Sunday, February 20, 2011

School Fights

Many teachers feel intimidated when a fight occurs in the playground. Fights are things that are skirted around by teaching institutions and rarely spoken of in PD other than in strict legalistic terms.

I'm of reasonably slight build and am considerably smaller than many of the year 11 and 12 students. I'm bigger than many of the female staff also on duty.

So what happens when a fight occurs? How do you, as a teacher, alter an out of control situation when you are physically incapable of stopping students from injuring others and yourself.

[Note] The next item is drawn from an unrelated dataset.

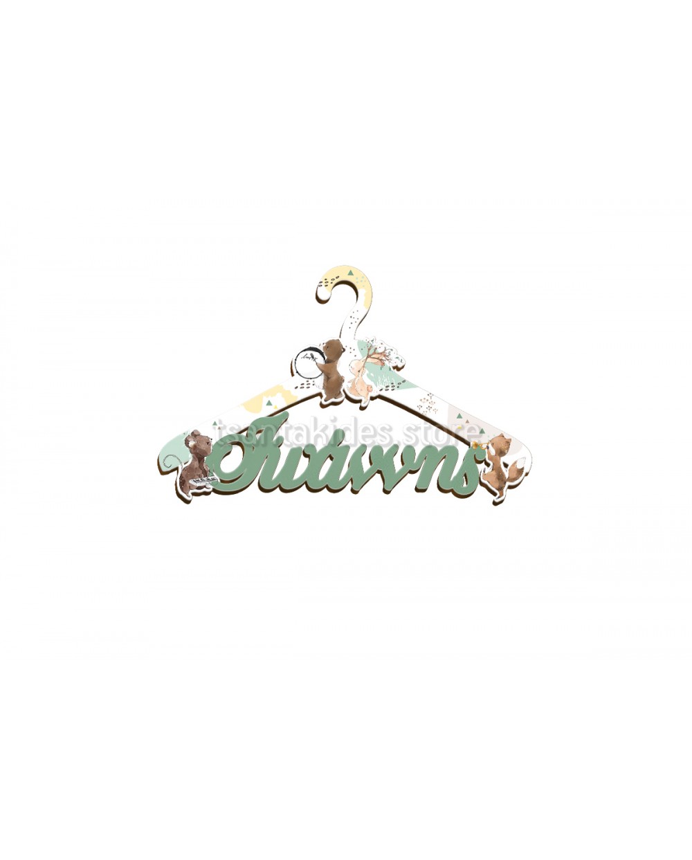 Ξύλινη Κρεμάστρα για τα Ρούχα της Βάπτισης Ζωάκια Δάσους - TS288

The school and how students view the school is a big part of this. I am lucky in that students at our school respect teachers and despite diffusing multiple fights in my career (with male students many times larger than myself and females that had little control over their actions) in all cases my status as a teacher has meant that I have not been at risk. Students seem to know a line that they cannot cross.

Yet I fear this may not always be the case. Students with disabilities are common in school grounds and anecdotal evidence suggest that mainstream students are becoming less able to control their actions.

Practical (not legal) training of staff is necessary before real injury becomes more common. My suggestions are based on practical observation.

1) When on duty stay in line of sight of another teacher on duty. Be prepared to render assistance at short notice. Know the parts of the duty area where you pass from line of sight from one teacher to another.

2) Survey who will take the primary role in diffusing a situation.

3) Issue a command(using full teacher voice) to stop to both parties and (if wise) get between the two students. Hopefully you can skip stage 4 if both students react appropriately. If you are taking the secondary role call for assistance (preferably from a deputy or someone that students are more likely to take seriously.) Seek out the amateur camera people and ensure that they are dealt with.

4) Have the secondary escort at least one of the parties to a safe area (such as the main office, tell the student where to go if you are the only one present and restraining the other student). Do not try to ascertain blame at this point. You may need to restrain the most out of control student for a short time to prevent a running fight towards the office if you, other students or the out of control student themselves are at risk of harm. Speak in a soothing tone to the student being restrained. As soon as the other student is in a safe zone release the student. Be prepared to restrain the student again if he has not regained control and is at risk of causing further bodily harm. Restraint is a last resort and usually indicates that intervention was too late. Holding a wrist is often sufficient. Usually they will seek somewhere quiet although be mindful of students seeking self harm at this point. Damage to property is repairable, staff and student injuries may not be.

5) Diffuse the audience and escort the remaining student to a team leader or deputy.

Students need you as teacher to be in control. Being calm is a key part of this. Don't do anything extra during a crisis time that is unnecessary to the safety of the students. If you are not able to fulfil your responsibilities in stage 4 then consider the legal ramifications of your actions and the risk of injury to other teachers and students.

I am not a lawyer and suggest this article only as a way to promote discussion within your school. I am not a principal - it is your school executive that will dictate what you may or may not do as a teacher on duty. This is an article purely of opinion and you as a teacher need to decide what you are willing to do in the course of being a teacher.